## Task requirements:
Print each record below precisely, with every picture left out of the copy.

"""

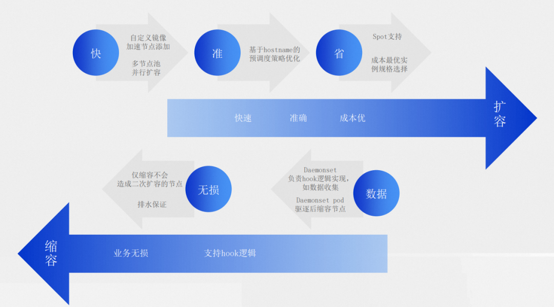 扩容方面,虽然业务负载层实现了冗余 Pods,但是在较大量的突增流量的情况下,仍然需要快速地供给资源。阿里云提供了预先加载节点组件镜像和用户镜像的自定义镜像方案和工具,帮助节省新节点扩容和业务启动过程中镜像拉取的时间。同时,还提供了多节点池并行扩容,让分属于不同节点池的业务的资源供给不互相影响,可以同时进行。除了快用户还需要基于节点 HostName 的打散,我们优化了弹性组件中基于 HostName 的预调度调度策略,让弹性决策更加准确。
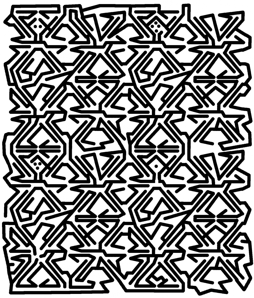 After a chat with my friend Patrick, I decided to use gimp to make a maze. Â I didn’t really know what to expect, but I hoped it would allow me to easily make something that looked like a drawing done with CAD. Â I don’t think it did that, but it pretty handily duplicated a complicated pattern into a 2 x 2 quadruple pattern which I tweaked to make a relatively difficult maze.
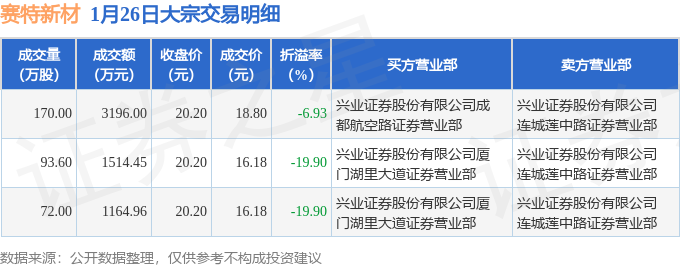 证券之星消息,1月26日赛特新材发生大宗交易,交易数据如下:
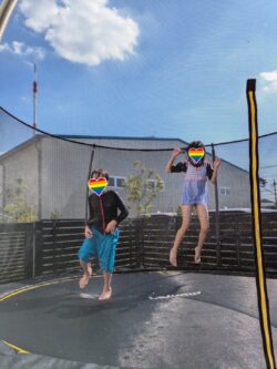 待っている間もトランポリンをしたり水遊びをしたりと楽しそう💖
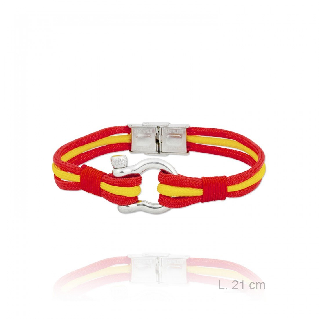 El simbolismo detrás de la Pulsera de acero con cabo náutico rojo/amarillo ESPAÑA la convierte en un regalo ideal para aquellos que valoran las tradiciones españolas y la conexión con el mar. Añádela a tu colección hoy y lleva contigo un pedazo de historia y estilo que nunca pasa de moda.
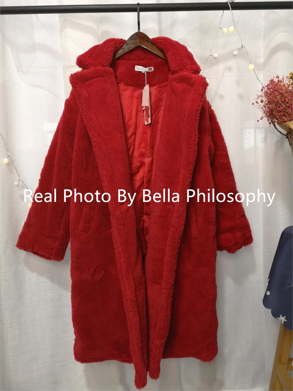 JuneLove Женское зимнее теплое длинное пальто из искусственного меха, винтажное толстое пальто с длинным рукавом и плюшевым мишкой, Повседневная Свободная верхняя одежда большого размера
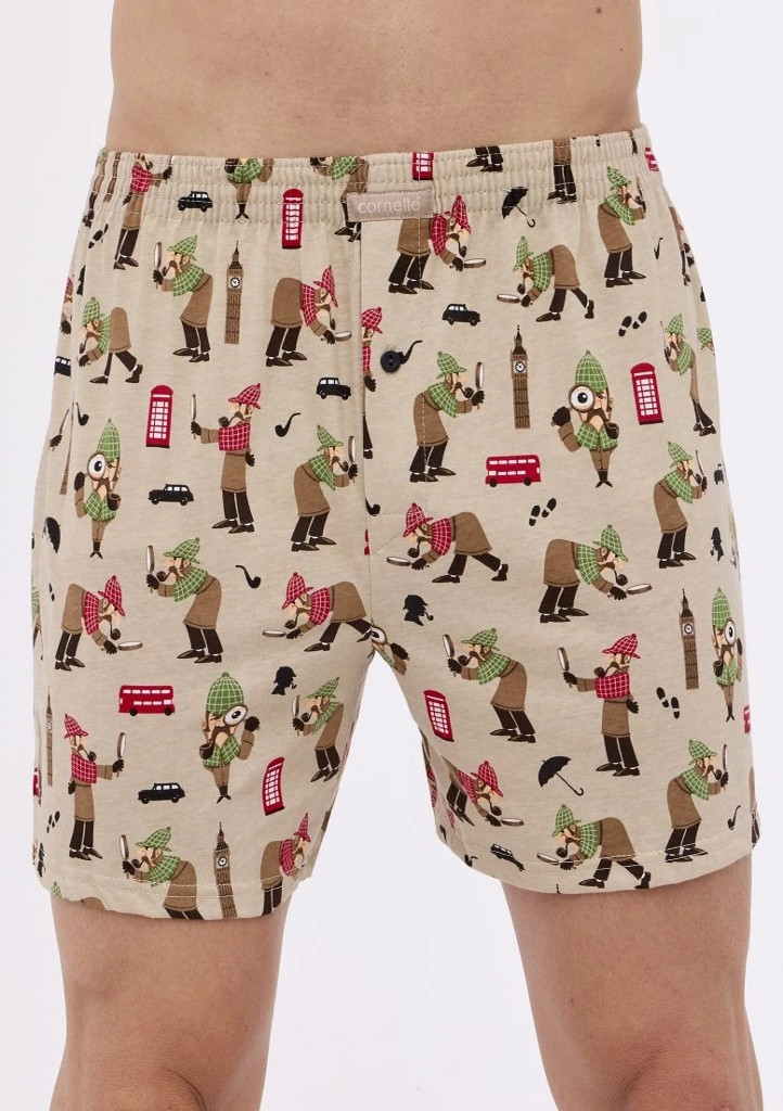 Bavlněné volné trenýrky s veselým motivem od značky Cornette. Trenýrky mají obšitou gumu s nášivkou Cornette na přední části a propínání na knoflíček.
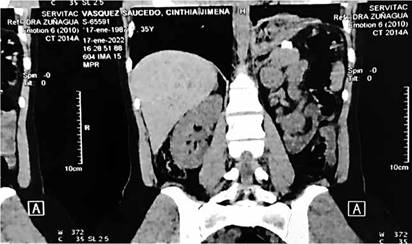 Paciente femenina de 36 años de edad, referida del servicio de gastroenterología, con cuadro clínico de dolor abdominal postprandial, en epigastrio de moderada intensidad, cólico, irradiado a región costal izquierda, además de disnea de grandes esfuerzos; por lo que asume posición antialgica en decúbito lateral izquierdo con extensión superior de miembro superior derecho; distensión abdominal progresiva, náuseas y vómitos alimenticios no cuantificados. Hiporexia y malestar general. Sintomatología que se exacerba 1 semana previa a consulta, acudiendo en 2 oportunidades a la emergencia.
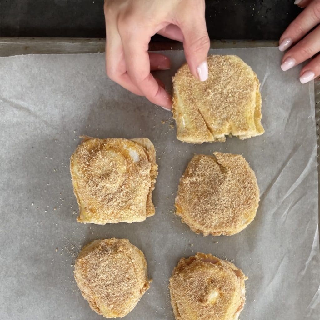 Leg de venkel schnitzels op de met bakpapier beklede bakplaat,
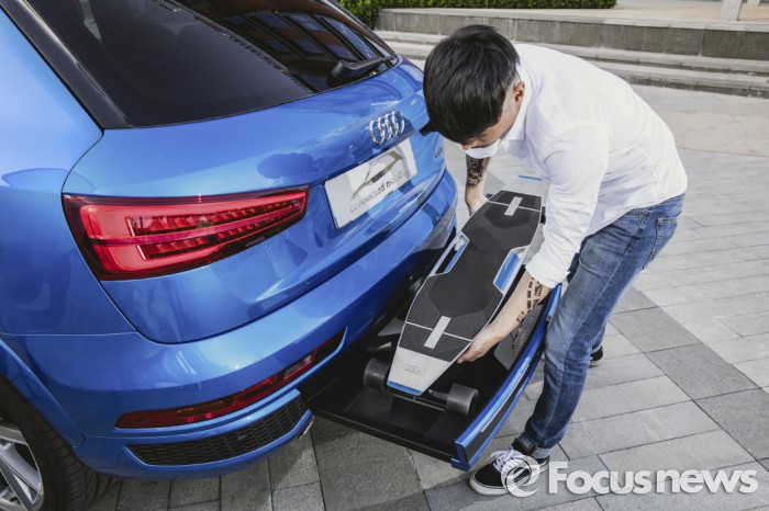 콘셉트 카 내부의 인포테인먼트 시스템은 실시간 교통량 데이터를 기반으로 가장 빠른 이동성을 계산해내고 계획된 시간을 염두에 두어 목적지까지 안내한다. 뒷 범퍼에 부착된 롱보드 배터리로 최대 12㎞를 이동할 수 있으며, 최고속도는 30㎞/h이다.아우디의 '아우디 커넥티드 모빌리티 콘셉트 카' <사진제공=아우디 코리아>
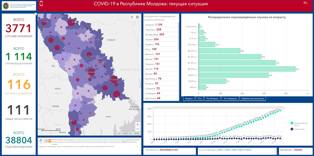 30.04.2020. Moldova saalık ministerliin açıklamasına görä, bu saatta Moldovada COVID-19 durumu bölä: ulaşannarın sayısı – 3771; ölennerin sayısı – 111; alışannarın sayısı – 1114.
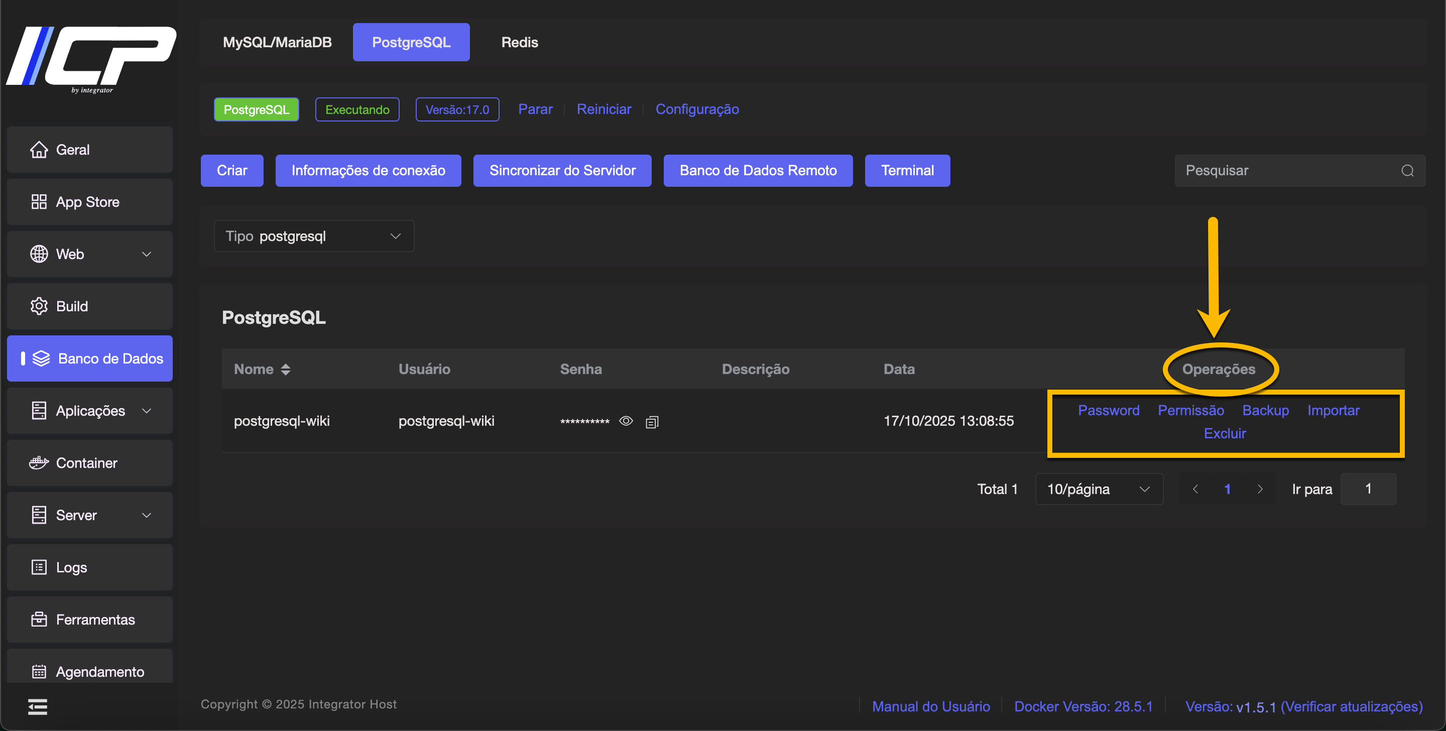 5. Na mesma linha, vá até a coluna Operações
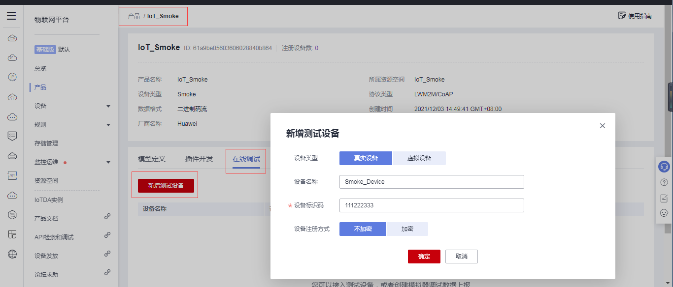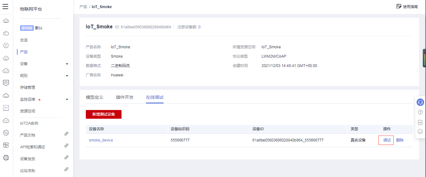 在产品详情页面,选择“在线调试”,单击“新增测试设备”,输入以下信息:
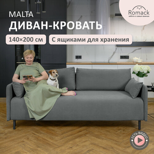 Диван кровать раскладной Romack Malta еврокнижка 140×190 Серый с узкими подлокотниками в гостиную, на кухню: сравнение цен, характеристики, фото, актуальное наличие и цены.
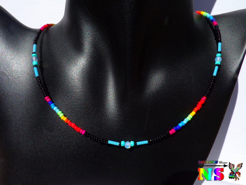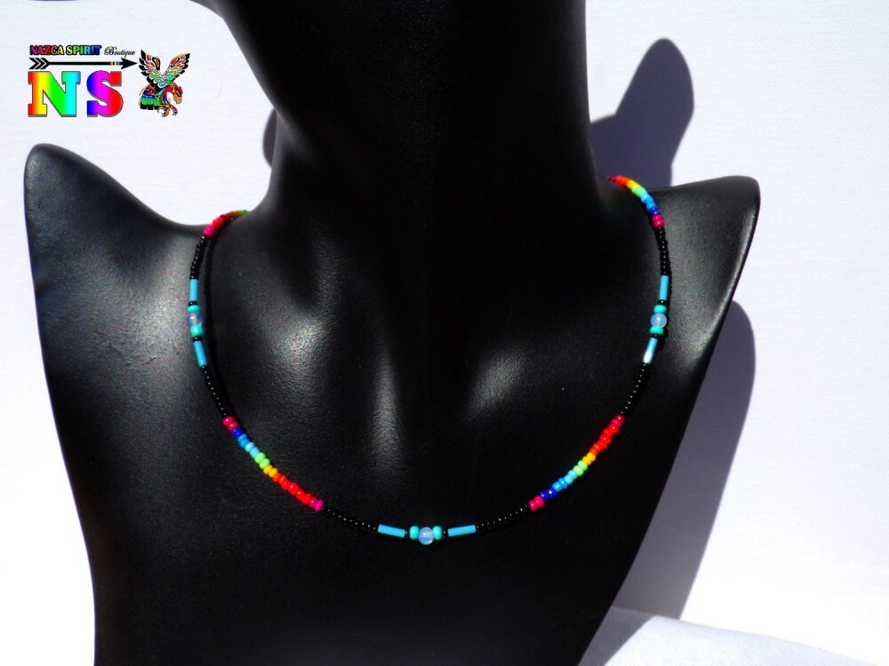 Collier Native American - Bijou Navajo - Collier pour Homme - Anniversaire - Fête des Pères - Artisanat Amérindien - Perles de Rocaille en Verre - Multicolore

"""

## Exercise output:
 扩容方面,虽然业务负载层实现了冗余 Pods,但是在较大量的突增流量的情况下,仍然需要快速地供给资源。阿里云提供了预先加载节点组件镜像和用户镜像的自定义镜像方案和工具,帮助节省新节点扩容和业务启动过程中镜像拉取的时间。同时,还提供了多节点池并行扩容,让分属于不同节点池的业务的资源供给不互相影响,可以同时进行。除了快用户还需要基于节点 HostName 的打散,我们优化了弹性组件中基于 HostName 的预调度调度策略,让弹性决策更加准确。
 After a chat with my friend Patrick, I decided to use gimp to make a maze. Â I didn’t really know what to expect, but I hoped it would allow me to easily make something that looked like a drawing done with CAD. Â I don’t think it did that, but it pretty handily duplicated a complicated pattern into a 2 x 2 quadruple pattern which I tweaked to make a relatively difficult maze.
 证券之星消息,1月26日赛特新材发生大宗交易,交易数据如下:
 待っている間もトランポリンをしたり水遊びをしたりと楽しそう💖
 El simbolismo detrás de la Pulsera de acero con cabo náutico rojo/amarillo ESPAÑA la convierte en un regalo ideal para aquellos que valoran las tradiciones españolas y la conexión con el mar. Añádela a tu colección hoy y lleva contigo un pedazo de historia y estilo que nunca pasa de moda.
 JuneLove Женское зимнее теплое длинное пальто из искусственного меха, винтажное толстое пальто с длинным рукавом и плюшевым мишкой, Повседневная Свободная верхняя одежда большого размера
 Bavlněné volné trenýrky s veselým motivem od značky Cornette. Trenýrky mají obšitou gumu s nášivkou Cornette na přední části a propínání na knoflíček.
 Paciente femenina de 36 años de edad, referida del servicio de gastroenterología, con cuadro clínico de dolor abdominal postprandial, en epigastrio de moderada intensidad, cólico, irradiado a región costal izquierda, además de disnea de grandes esfuerzos; por lo que asume posición antialgica en decúbito lateral izquierdo con extensión superior de miembro superior derecho; distensión abdominal progresiva, náuseas y vómitos alimenticios no cuantificados. Hiporexia y malestar general. Sintomatología que se exacerba 1 semana previa a consulta, acudiendo en 2 oportunidades a la emergencia.
 Leg de venkel schnitzels op de met bakpapier beklede bakplaat,
 콘셉트 카 내부의 인포테인먼트 시스템은 실시간 교통량 데이터를 기반으로 가장 빠른 이동성을 계산해내고 계획된 시간을 염두에 두어 목적지까지 안내한다. 뒷 범퍼에 부착된 롱보드 배터리로 최대 12㎞를 이동할 수 있으며, 최고속도는 30㎞/h이다.아우디의 '아우디 커넥티드 모빌리티 콘셉트 카' <사진제공=아우디 코리아>
 30.04.2020. Moldova saalık ministerliin açıklamasına görä, bu saatta Moldovada COVID-19 durumu bölä: ulaşannarın sayısı – 3771; ölennerin sayısı – 111; alışannarın sayısı – 1114.
 5. Na mesma linha, vá até a coluna Operações
 在产品详情页面,选择“在线调试”,单击“新增测试设备”,输入以下信息:
 Диван кровать раскладной Romack Malta еврокнижка 140×190 Серый с узкими подлокотниками в гостиную, на кухню: сравнение цен, характеристики, фото, актуальное наличие и цены.
 Collier Native American - Bijou Navajo - Collier pour Homme - Anniversaire - Fête des Pères - Artisanat Amérindien - Perles de Rocaille en Verre - Multicolore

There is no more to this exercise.